Before visiting your estate lawyer, it’s a good idea to spend some time learning about the various documents and procedures involved with estate planning.
An essential topic to every estate plan is probate. Probate is a court-supervised procedure for transferring the legal title of your assets after death to your beneficiaries. The probate process involves:
- Proving to the Court that a Will exists and is valid.
- Appointing a legal representative with authority to act on behalf of the estate.
- Identifying and appraising the property of the estate.
- Paying debts and taxes.
- Distributing the remaining property according to the beneficiaries.
Probate proceedings are public records and typically last several months. Any property listed in your name that does not automatically transfer upon your death, is considered probate property. For this reason, a last will goes to probate and a living trust does not.
You may have been told that a trust is more ideal than a will since it can avoid probate. However, there are other details to consider when choosing an estate plan.
Last Will and Testaments
After a will is drawn up, it must go through a formal legal procedure called executing the will. This requires witnesses to the signing of the will. A will is put into effect only upon death, with the provisions controlling all assets subject to probate. Any assigned accounts are not subject to probate and will not be distributed under the terms of a will. Non-probate property such as life insurance, retirement plans, and joint tenancy accounts will pass directly to the named beneficiaries by the institution holding the account.
When it comes to costs, wills are usually cheaper to create, but more expensive down the road when heirs have to manage the estate. A will provides little assistance for asset management while the person is living. If a person becomes physically or mentally incapacitated, the court must appoint a guardian to manage the estate. Even with a good power of attorney, this process is usually burdensome and expensive.
Every state has its own variation of laws that pertain to last wills. When a will is clearly laid out, the accepted rule is that if a will was valid in the state it was made, it remains valid even when moving to a different state. However, if there are any uncertainties or exclusions, the will is usually interpreted by the laws of the state of residency. Thus, other state-specific documents should be created in the new state after each move.
In order to change or add anything in a last will, a codicil must be filed. A codicil is an amendment which must be executed with the same formalities as the original will. Sometimes it is simpler to draw up a new will instead. The original will and any codicils must be presented after death.
While a last will must go through probate, there are simpler types of probate depending on size and type of assets and whether or not there is any contest to the will.
A living trust is a contract between the creator of the contract and the trustee who agrees to hold assets for the beneficiaries. Each trust has three necessary parties: grantor, trustee, and beneficiary. Typically, one person is all three. The grantor retains all rights to manage the trust while alive and legally competent.
Any terms and conditions can be added, since living trusts are contractual; and because there is much less variation in state trust laws, they can be carried to different states without significant problems. Assets can be added and removed at any time without any tax penalties. As with other contractual arrangements, trusts are not usually required to become public knowledge.

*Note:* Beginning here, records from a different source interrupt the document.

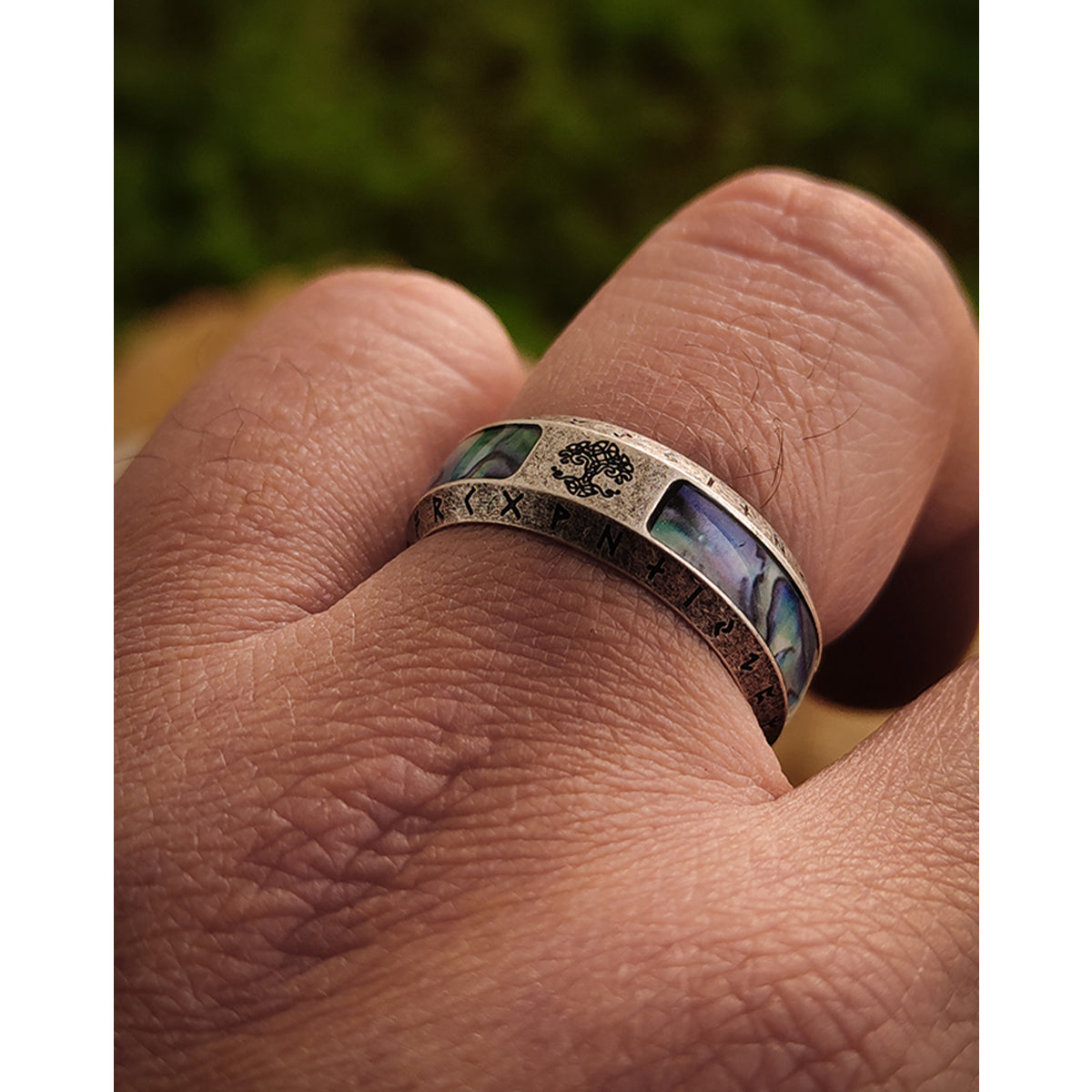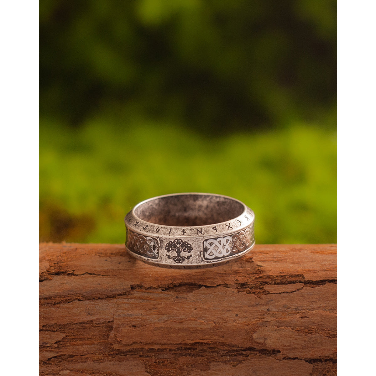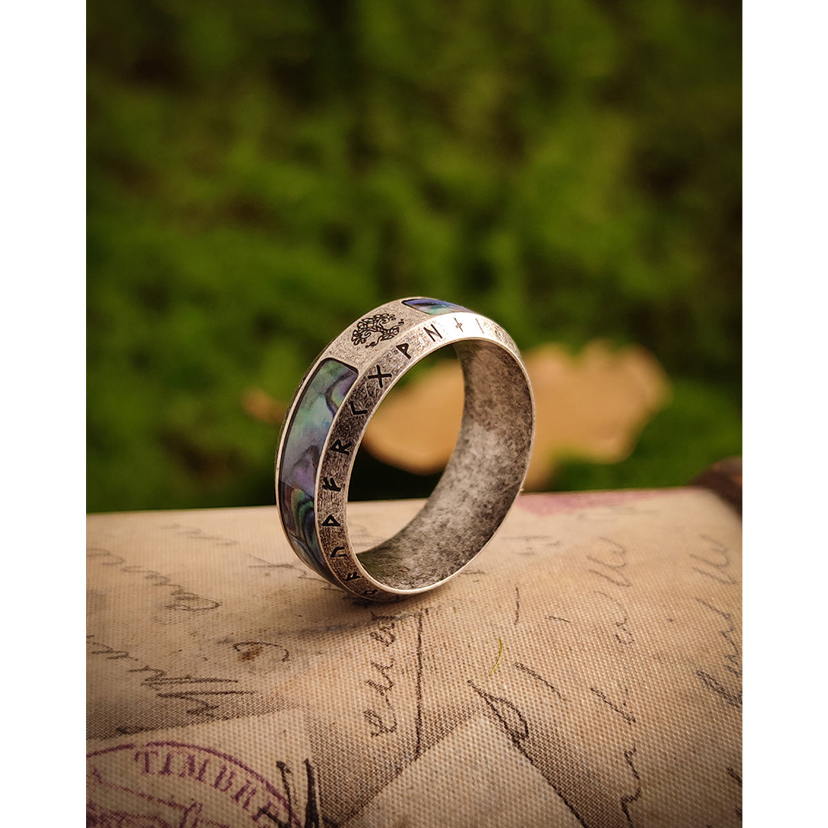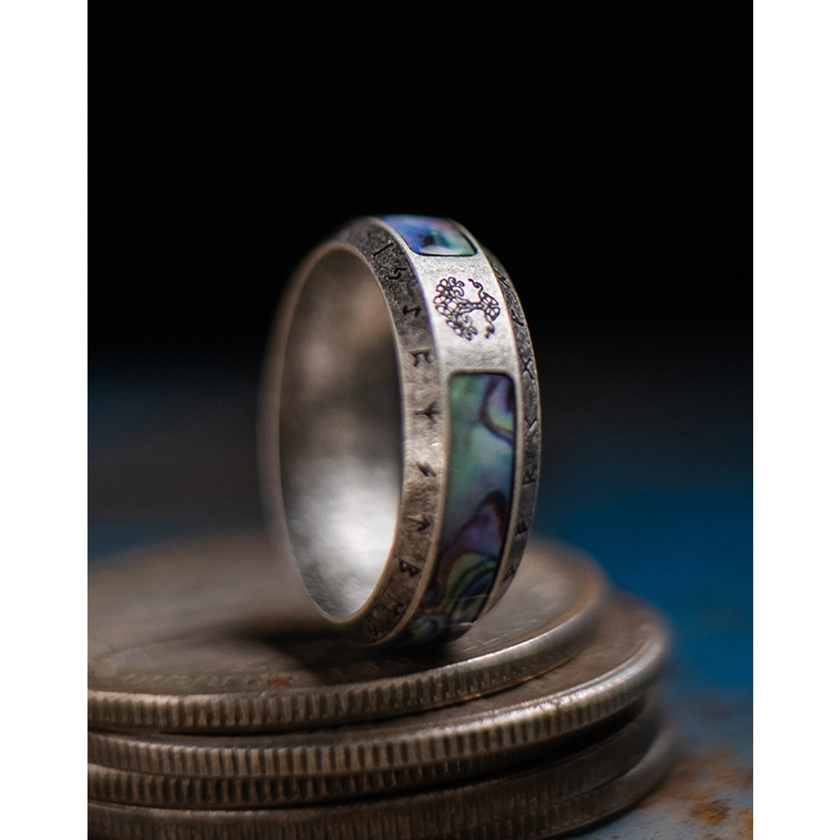 링 표면에 빈티지풍 에이징 가공을 하여 테두리에는 바이킹 문자를 새겨 세밀한 이야기성을 더했습니다.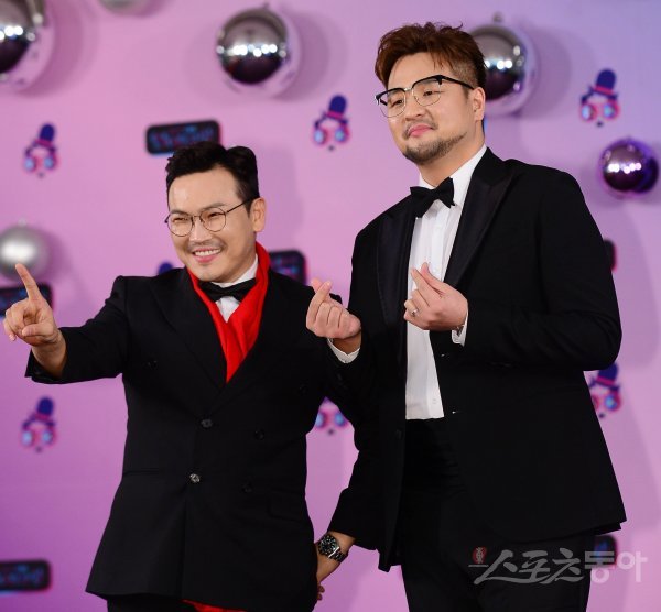 방송인 딩동(왼쪽)과 가수 김태우가 21일 서울 영등포구 KBS 본관 로비에서 열린 ‘2019 KBS 연예대상’ 포토월에서 포즈를 취하고 있다. 주현희 기자 teth1147@donga.com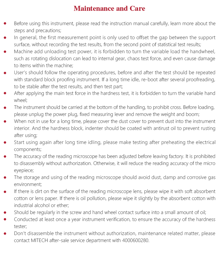the hardness block, indenter should be coated with antirust oil to prevent rusting after using.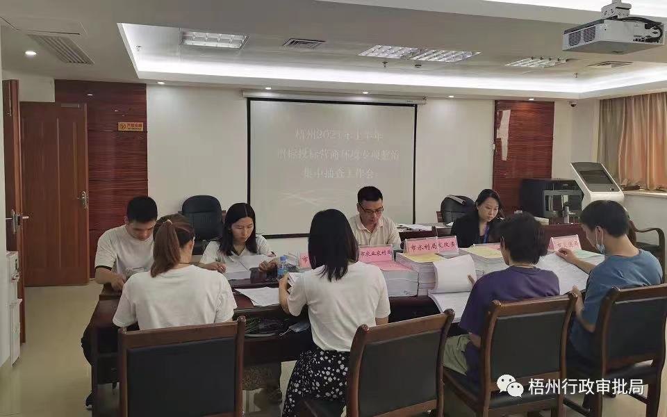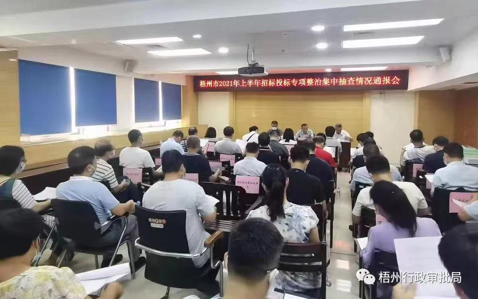 为加强对公共资源交易领域的监管,促进公共资源交易活动公平有序开展,梧州市行政审批局牵头,与市发展改革委、市住房城乡建设局、市交通运输局、市水利局、市农业农村局等行业主管部门组建联合抽查组,开展 2021 年上半年招标投标领域专项整治联合集中抽查活动,在全市依法进入市、县两级平台公开招标的 162 个工程项目中,随机抽选 33 个项目进行检查,抽查比例为 20.37%。

Living trusts are more expensive to create and maintain, but leave fewer burdens on a spouse, children or other heirs later. If the grantor becomes incapacitated, the living trust names a successor trustee to take over and continue to manage the trust. Asset management as a successor trustee is generally much simpler than through the use of a power of attorney.
At the death of the grantor, the terms of the trust define who inherits the trust. The assets can be distributed to the beneficiaries in any manner the grantor chooses. The distribution is private and does not need any court supervision, so the successor trustee can immediately access any accounts held in the trust.
A living trust is designed so that the assets are not a part of the probate process. However, this only works if the provisions are properly put in place during life.
Both wills and trusts are effective tools to manage an estate during and after life. There are no “one size fits all” plans, so it’s important to discuss your options with an estate lawyer.